Task objective:
Skip the pictures, please, and write out exactly the lines from the opening of the data through the line containing "With the same".
··· Input records ···
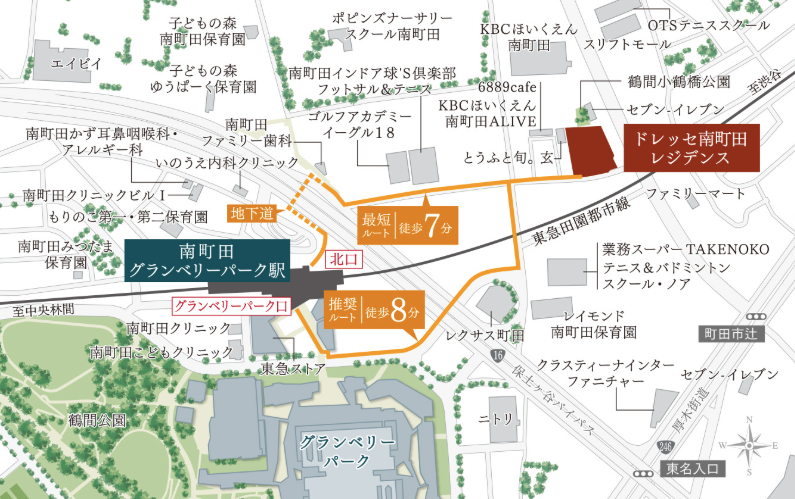 駅徒歩5分のドレッセ南町田フロント、駅徒歩21分のドレッセ南町田グランヴィラ、ドレッセ南町田レジデンスの3作を同時供給中の東急×南町田、レジデンスに関してはバイパスを超えた徒歩7分となります。
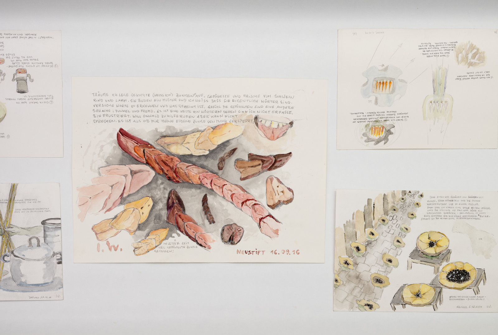 With the same attentiveness, the exhibition also looks at Wiener’s practice as a filmmaker and additionally presents a selection of her dream watercolors—works in which the artist captures her dreams in image-text arrangements, often depicting absurd, surreal and humorously quirky variations of actual occurrences in her life.
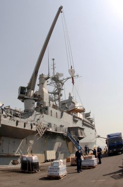 Des marins du pétrolier ravitailleur Var déchargent des pallettes de farine, de lait et de pain destinées aux victimes du tremblement de terre du Pakistan. La Marine Nationale a participé avec plus de 2 tonnes de nourriture aux efforts de sauvetage, après un tremblement de terre dévastateur, qui a tué des milliers de personnes au Pakistan. Photo U.S. Navy par Phillip Nickerson Jr.
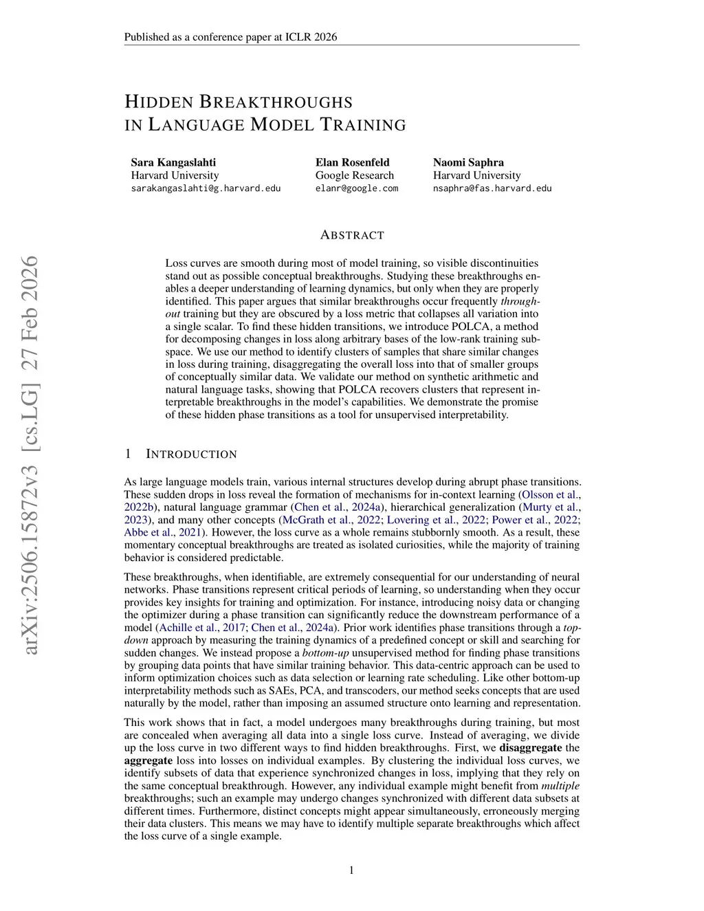 Loss curves are smooth during most of model training, so visible discontinuities stand out as possible conceptual breakthroughs. Studying these breakthroughs enables a deeper understanding of learning dynamics, but only when they are properly identified. This paper argues that similar breakthroughs occur frequently throughout training but they are obscured by a loss metric that collapses all variation into a single scalar. To find these hidden transitions, we introduce POLCA, a method for decomposing changes in loss along arbitrary bases of the low-rank training subspace. We use our method to identify clusters of samples that share similar changes in loss during training, disaggregating the overall loss into that of smaller groups of conceptually similar data. We validate our method on synthetic arithmetic and natural language tasks, showing that POLCA recovers clusters that represent interpretable breakthroughs in the model's capabilities. We demonstrate the promise of these hidden phase transitions as a tool for unsupervised interpretability.
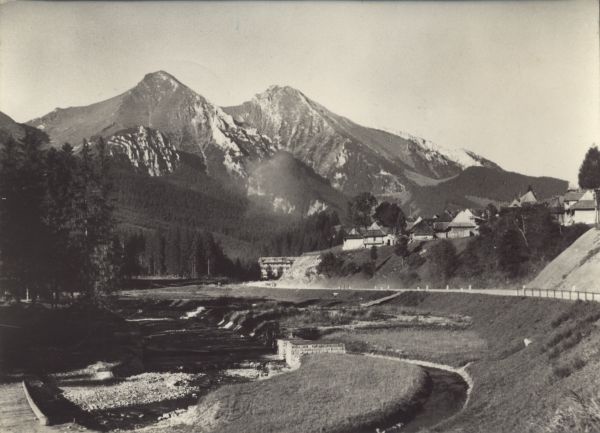 Widok z miejscowości Zdziar na Tatry Bielskie: Hawrań i Płaczliwą Skałę. Na pierwszym planie Potok Bielski. Po prawej stronie zabudowania wiejskie.
···
Completed task:
 駅徒歩5分のドレッセ南町田フロント、駅徒歩21分のドレッセ南町田グランヴィラ、ドレッセ南町田レジデンスの3作を同時供給中の東急×南町田、レジデンスに関してはバイパスを超えた徒歩7分となります。
 With the same attentiveness, the exhibition also looks at Wiener’s practice as a filmmaker and additionally presents a selection of her dream watercolors—works in which the artist captures her dreams in image-text arrangements, often depicting absurd, surreal and humorously quirky variations of actual occurrences in her life.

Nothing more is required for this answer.